6:30 – MUSIC on AMD Versal AI Engines

The performance advantages of MUSIC come at a cost—its computational demands are significant. The complexity depends on these three system parameters:

M is the depth of the data snapshots (i.e., how many time-domain samples are used for each MUSIC computation).
N is the number of antenna elements in the system. This can range from a dozen to several hundred or more.
L is the number of discrete spectrum points or arrival angles we search during the sweep of our steering vector.

The textbook form of MUSIC performs these three compute workloads:

Compute the covariance matrix of the received data snapshot.
Compute an eigen-decomposition of that covariance matrix.
Sweep the MUSIC spectrum and perform a search to identify the angle of arrival of our targets.

The computational complexity of each workload is shown here. This can be quite a heavy burden. Various system requirements can drive these workloads from tens to hundreds of gigabytes per second. We may have hundreds of snapshot samples, dozens of array elements, hundreds of spectral bins to search, and all may need to be computed repeatedly in tens to hundreds of microseconds of real time.

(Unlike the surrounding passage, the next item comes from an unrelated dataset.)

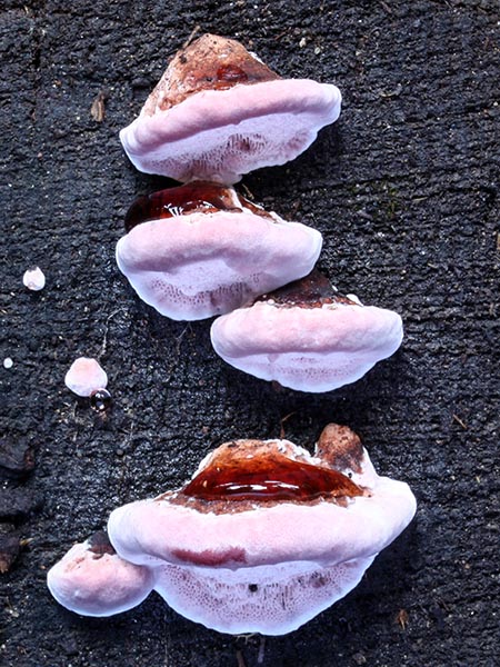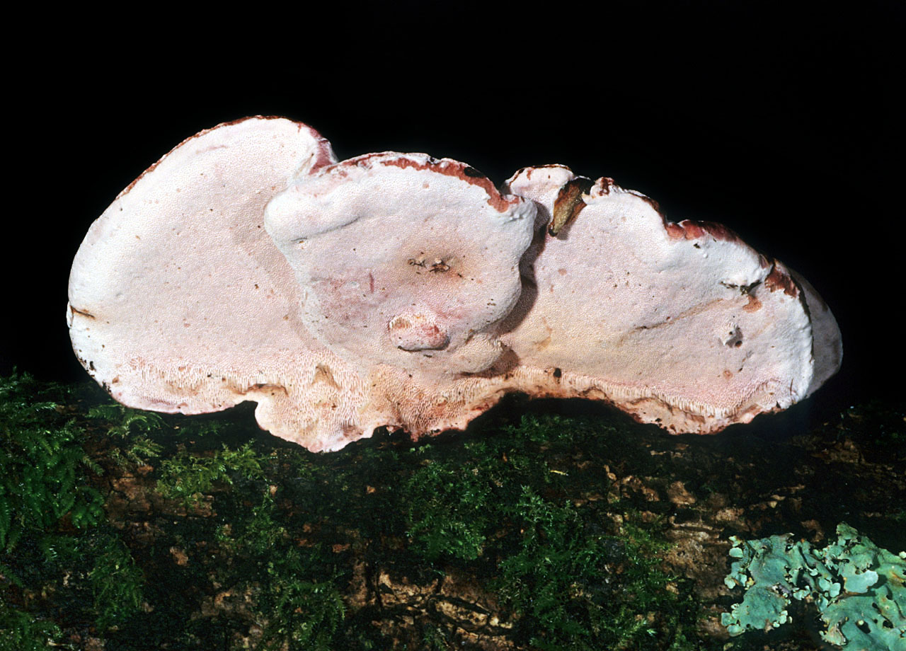 - CommentsThough not the most common of our local conks, Fomitopsis cajanderi is easily the prettiest. The mahogany-brown to almost black shelves of fresh Fomitopsis cajanderi with contrasting rose-pink margins and pores are a visual delight. In age the pink color becomes muted but specimens are still easily recognized.

Versal AI Engines offer significant advantages to address the computational workload challenge of MUSIC. They have a hardened, vectorized floating point datapath, offering eight giga-operations per second of compute per tile, and hundreds of tiles. The AI Engine offers massive bandwidth for moving data through compute workloads. The array also offers a large, distributed memory footprint that can be used efficiently for matrix storage. Finally, these compute workloads are delivered by VLIW SIMD vector processors. We have a software-based solution with no timing closure challenges.

Now let’s move to the specific MUSIC solution we have implemented on the Versal VC1902 device.

Here is a table of the system parameters of the solution. For simplicity, we use a uniform linear array with eight elements at half-wavelength spacing. Our data snapshots are 128 by 8. We assume a target throughput of one microsecond. This is the arrival rate of the data snapshots, and our MUSIC solution must keep up with this in real time.

9:20 – MUSIC Algorithm Implementation Approach

We use a QRD plus SVD subspace algorithm to identify the noise subspace—we’ll see more details on that shortly. Finally, the MUSIC spectrum sweep will use 256 bins, with limited use of the edge bins corresponding to broadside angles of arrival to our array.

A high-level view of the MUSIC algorithm adopted for AI Engines is shown here. We use a QRD plus SVD approach. We first compute the QR decomposition of the data snapshot matrix A and then perform an SVD on R to identify the noise subspace. This subspace is represented by the matrix VR.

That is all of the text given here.